Tu parli di malattia, speranza ed amore. Quanto conta l’amore nel tenere viva la speranza?

Conta in ogni cosa. Si vuole vivere non solo per se stessi ma per tutti coloro che ci stanno accanto e desiderano vederci ancora sulla terra. Quando ci si rende conto che dell’amore che ci sta intorno, non ci si concentra più su questioni o problemi di poco conto, ma l’amore diventa una ragione per vivere la vita al meglio e con più passione.

 

Ad ogni chemioterapia, ti acquistavi un nuovo paio di scarpe. Un gesto che ha un particolare significato poiché rappresenta ben più di un desiderio di gratificazione. È un inno alla vita senza retorica, pieno di luce nel vero senso della parola. Almeno è ciò che da lettore mi sembra di capire. Perché hai deciso di raccontare questo particolare della chemioterapia?

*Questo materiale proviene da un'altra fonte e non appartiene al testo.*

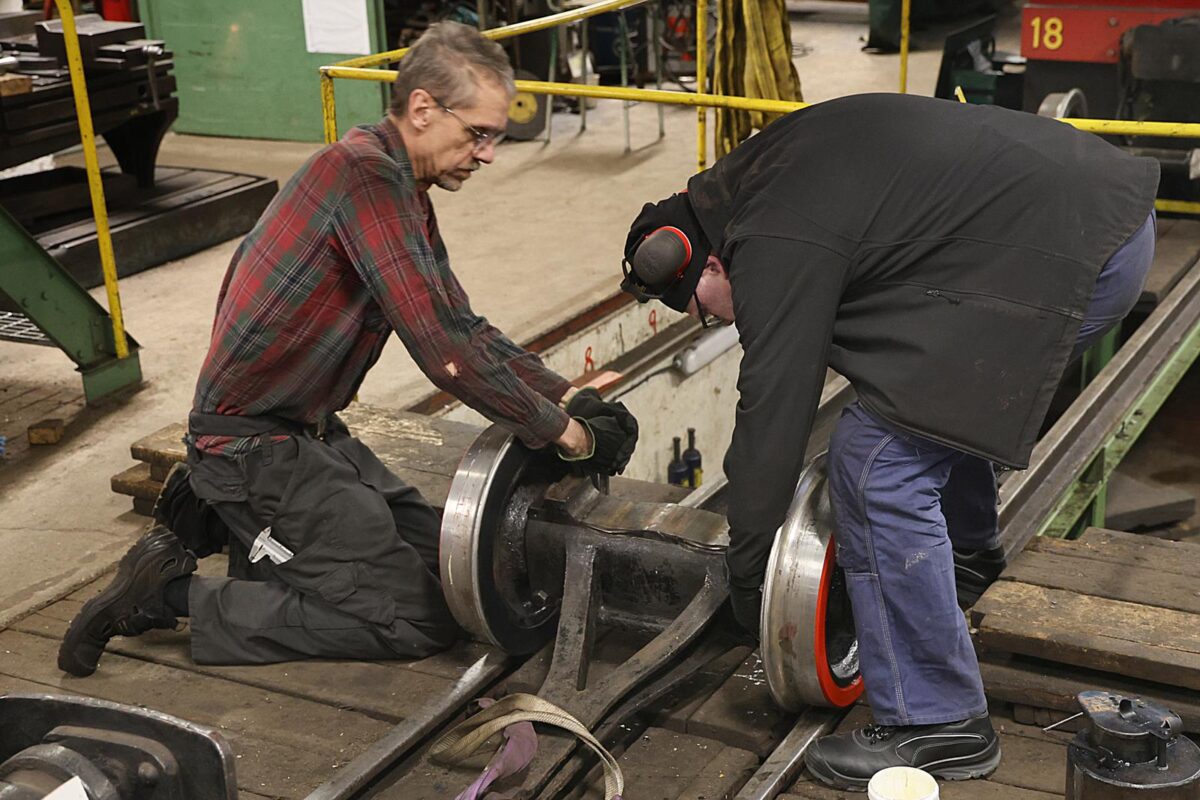 Det som också har renoverats är de ”kronor” de överför lasten från fjädern i huvudramen till den sidorörliga boggiramen. De var slitna i styrningen på mitten och har fått byggas på. Med alla delar klara så var det så dags att montera boggierna.
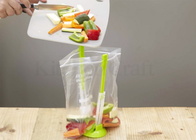 Según lo que queramos introducir en estas bolsas de conservación necesitaremos la ayuda de alguien, que nos sujete la bolsa abierta y en posición vertical, tal y como lo hace el Bag Opener and Holder de Kitchen Craft, aunque también hay otros fabricantes de este accesorio, como Jokari, que lo comercializa como Baggy Rack Pro (aunque no hablan tan bien de él).

Ancora una volta si tratta del mio modo di vedere. Invece di concentrare le mie energie sul IV ciclo di chemio proprio nella mano che uso per disegnare, che mi mandava in paranoia totale, ho voluto pensare a qualche cosa che mi facesse piacere – e queste erano le mie scarpe che sono diventate una sorta di terapia!

 

La descrizione di tua madre è meravigliosa: quando piange in silenzio fuori dall’ospedale, quando condivide i sintomi (più o meno reali), il dolore, e la sua esperienza la rendono madre in tutta la sua drammaticità. Come è cambiato il rapporto con tua madre dopo la malattia? E quale è stata la sua reazione all’uscita di Cancer Vixen?

Mia madre è stata l’unica persona a rimanere male per il libro. Durante la mia malattia, pesava 15 chili in più. Facendo i disegni finali del libro, non ho abbandonato per MESI il mio tavolo da disegno. Più tardi, quando vide l’opera finita fu delusa di non ritrovarsi nella sua nuova forma smagliante. Che cosa avrei potuto fare? Il libro era in stampa e non avrei potuto ritoccare ogni pagina in cui appariva! Ma lei è davvero orgogliosa di me e adora quando la gente la chiama la “Sophia Loren del New Jersey”, e spera che Sophia la impersonerà nel film.

 

Il tuo cibo preferito al ristorante del suo fidanzato Silvano?

Ogni pietanza è la mia favorita. Ma devo dire che essendo stagione del tartufo bianco, l’altra sera mi sono mangiata una pasta coi tartufi bianchi di Alba paradisiaca! (Ma devo ancora perdere i chili della chemioterapia e nella mia prossima striscia comica, voglio disegnarmi magra!)